Actualmente, as alusões mitológicas são consideradas demasiado imprecisas para pressupostos científicos e, quer os médicos quer as pessoas deverão assim evitá-las. Isto também serve para as distinções antigas entre os chamados “pseudo-hermafroditas femininos” (ovários presentes), “pseudo-hermafroditas masculinos” (testículos presentes) e “hermafroditas verdadeiros” (tecido testicular e ovárico presentes). Estas distinções foram em tempos consideradas úteis mas, entretanto, provaram tornar-se impraticáveis. Em vez disso, agora usamos o termo mais geral “pessoa intersexual”, “pessoa intersexuada”, ou “intersexo”, mais abreviadamente.
Recentemente alguns peritos têm sugerido um novo termo para as várias condições intersexuais: “Perturbações do desenvolvimento sexual (PDS)”. Contudo, outros acreditam que isto funciona como um rótulo negativo e que em nada ajuda na prevenção da discriminação.

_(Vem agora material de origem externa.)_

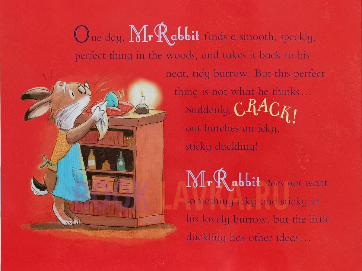 One day, Mr Rabbit finds a smooth, speckly, perfect thing in the woods, and takes it back to his neat, tidy burrow. but this perfect thing is not what he thinks... Suddenly, out hatches an icky, Sticky duckling!

Assim, preferem expressões mais neutras e menos estigmatizantes “Variações do Desenvolvimento Sexual (VDS)” ou “Diferenças do Desenvolvimento Sexual (DDS)”. Pesquisas recentes têm mostrado que a intersexualidade é uma questão de grau, cobrindo um grande espectro d desenvolvimentos físicos atípicos com uma variedade de causas possíveis. Assim sendo, não existe uma explicação única capaz de englobar todos os casos. Apenas uma minuciosa examinação e cuidadosa deliberação pode mostrar o caminho para o curso individual de acção necessário em cada caso.

Prevalência: Quão comum é a intersexualidade?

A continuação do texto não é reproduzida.